Objective: Epstein-Barr virus (EBV) infection has been linked to systemic lupus erythematosus (SLE), as demonstrated by the presence of increased seroprevalence and elevated viral loads, but the mechanism of this linkage has not been elucidated. Increased interferon-alpha (IFNalpha) levels and signatures, which are associated with innate immune responses, have been found in patients with SLE. Plasmacytoid dendritic cells (PDCs) are innate immune cells that mediate viral immunity by producing large quantities of IFNalpha, but the role they play during infection with EBV remains unclear. To address this issue, we investigated the ability of EBV to promote IFNalpha production by PDCs in healthy subjects.

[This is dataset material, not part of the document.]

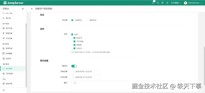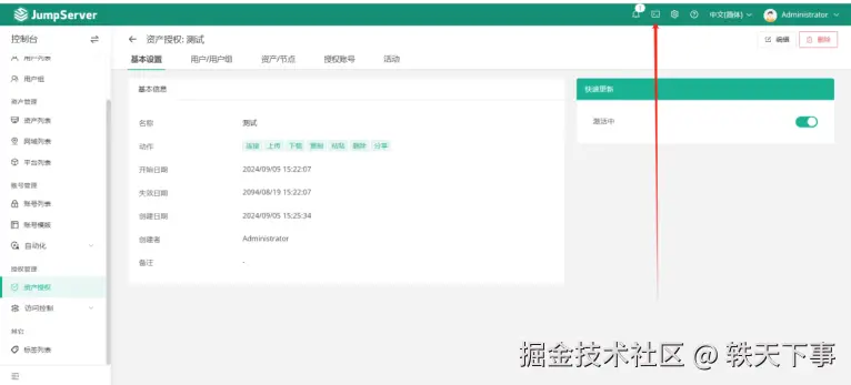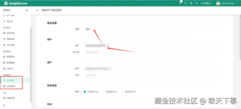 依次点击授权管理-资产授权-输出名称,选择用户组以及想要赋权的资产

Methods: Human PDCs were sorted and cultured in the presence of EBV, EBV-encoded RNA, and EBV double-stranded DNA. IFNalpha production by PDCs was measured by enzyme-linked immunosorbent assay, with the activation of these cells measured by flow cytometry.
Results: We found that EBV DNA and RNA promoted IFNalpha production by human PDCs through engagement of Toll-like receptor 9 (TLR-9) and TLR-7, respectively, with the initial viral recognition by PDCs mediated by binding to class II major histocompatibility complex (MHC) molecules.
Conclusion: These data demonstrate that class II MHC-specific engagement by virus, with subsequent viral nucleic acid recognition, mediates IFNalpha production by PDCs. Our results suggest that elevated levels of IFNalpha found in SLE patients may be a result of aberrantly controlled chronic viral infection.